One might ask why some of us revere Hamlet so much. Part of it is because he does not seek the crown. He is completely apolitical, so that even though his father has been murdered, he does not attempt to take the crown for himself.
Hamlet, in that respect, is not unlike other truly sublime figures like Albert Einstein, who was offered the presidency of Israel but declined. Why? Because the greatest impact that an eminent artist or scientist can have is in creating new art and new ways of looking at the world.
As for specific suggestions on education, I would recommend that some of the commenters read Professor Bloom's books. They might start with Shakespeare: The Invention of the Human.
And we might all advocate in favor of a more qualitative approach to education. One cannot quantify genius, just as one cannot quantify a human being, creativity or imagination.
It strikes me that both political parties have been relying too much on test scores. When I was in public, elementary school, we had an open classroom with no grades. Instead, we got comments.
If I were running the public schools, I would favor that approach, a Bank Street School, child-centered approach. Yes, we can introduce kids to the military, as Brooks has said, though I don't think school should be run like a boot camp. We want to pique the curiosity of kids so that they can become independent thinkers. Boot camps are not like that. Boot camps tend to break people down so that they lose their uniqueness.
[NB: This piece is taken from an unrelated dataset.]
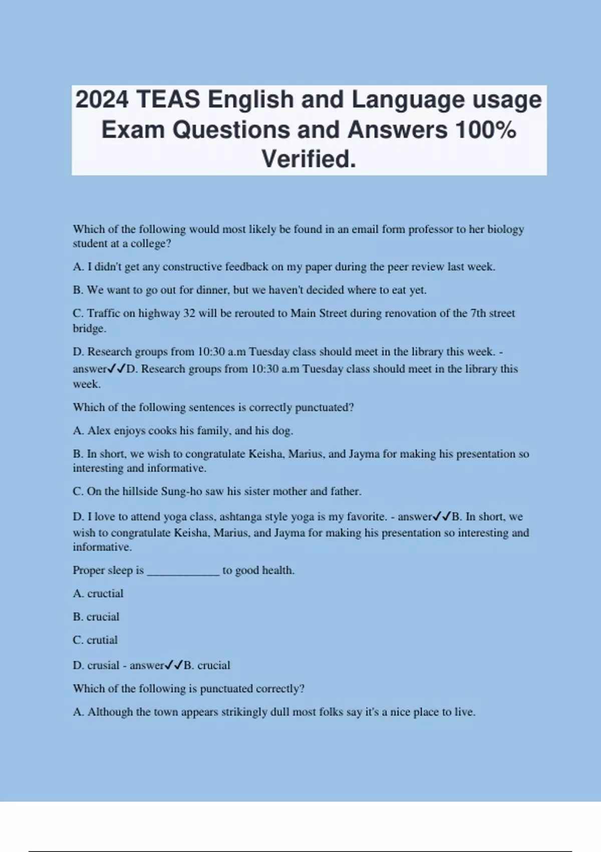 2024 TEAS English and Language usage Exam Questions and Answers 100% Verified. Which of the following would most likely be found in an email form professor to her biology student at a college? A. I didn't get any constructive feedback on my paper during the peer review last week. B. We want to go out for dinner, but we haven't decided where to eat yet. C. Traffic on highway 32 will be rerouted to Main Street during renovation of the 7th street bridge. D. Research groups from 10:30 a.m Tuesday class should meet in the library this week. - answerD. Research groups from 10:30 a.m Tuesday class should meet in the library this week. Which of the following sentences is correctly punctuated? A. Alex enjoys cooks his family, and his dog. B. In short, we wish to congratulate Keisha, Marius, and Jayma for making his presentation so interesting and informative. C. On the hillside Sung-ho saw his sister mother and father. D. I love to attend yoga class, ashtanga style yoga is my favorite. - answerB. In short, we wish to congratulate Keisha, Marius, and Jayma for making his presentation so interesting and informative. Proper sleep is ____________ to good health. A. cructial B. crucial C. crutial D. crusial - answerB. crucial Which of the following is punctuated correctly? A. Although the town appears strikingly dull most folks say it's a nice place to live. B. Although the town appears strikingly dull, most folks say it's a nice place to live. C. Although the town appears strikingly dull, most folks say its a nice place to live. D. Although the town appears strikingly dull; most folks say its a nice place to live. - answerB. Although the town appears strikingly dull, most folks say it's a nice place to live. Which of the following sentences contains a dangling modifier? A.The contented puppy sat by the sleeping young child. B. Drivers in our state are confused by outdated driving law. C. Adequate lighting is important for anyone who is studying or reading. D. My brother had an old truck that sat by the garage that needed painting. - answerD. My brother had an old truck that sat by the garage that needed painting. Which of the following prefixes implies duplication when attached to root word? A. dis- B. re- C. un- D. in- - answerB. re- According to the prefix "sub-", which of the following word defines "subterranean"? A. above ground B. overpass C. underground D. causeway - answerC. underground Which of the following requires citation? A. One in five Americans will develop skin cancer by the age of 70. B. Prolonged sun exposure can result in burn. C. Some sunscreens have SPF of 35 or higher. D. Any exposed skin is susceptible to sunburn. - answerA. One in five Americans will develop skin cancer by the age of 70. Which of the following is a complex sentence? A. Since time was running short, I hurriedly brushed my teeth while breakfast was warming up. B. Time was running short, so I hurriedly brushed my teeth while breakfast was warming up.

And an over-reliance on testing and quantification of kids will do nothing other than traumatize them.
When I was in junior high and high school, our English teachers for the most part had a policy of not putting grades on our papers. That remains a good idea.
I recognize that we need some kind of grading and standardized testing for high school kids in order for colleges to have a seemingly objective means of assessing applicants. But we should not rely on those statistics to the detriment of comments from teachers, recommendations, interviews and other non-measurable but more salient attributes such as character, imagination, wit and honesty.
I might have gotten a little heated in my last post, but that is very Hotspurian. It might not surprise anyone that I played Hotspur in a class on the bildungsroman when I was a senior in high school. And it might not surprise anyone that I wrote my senior thesis in college for Harold Bloom on Rosalind and Hamlet, both of whom love to play.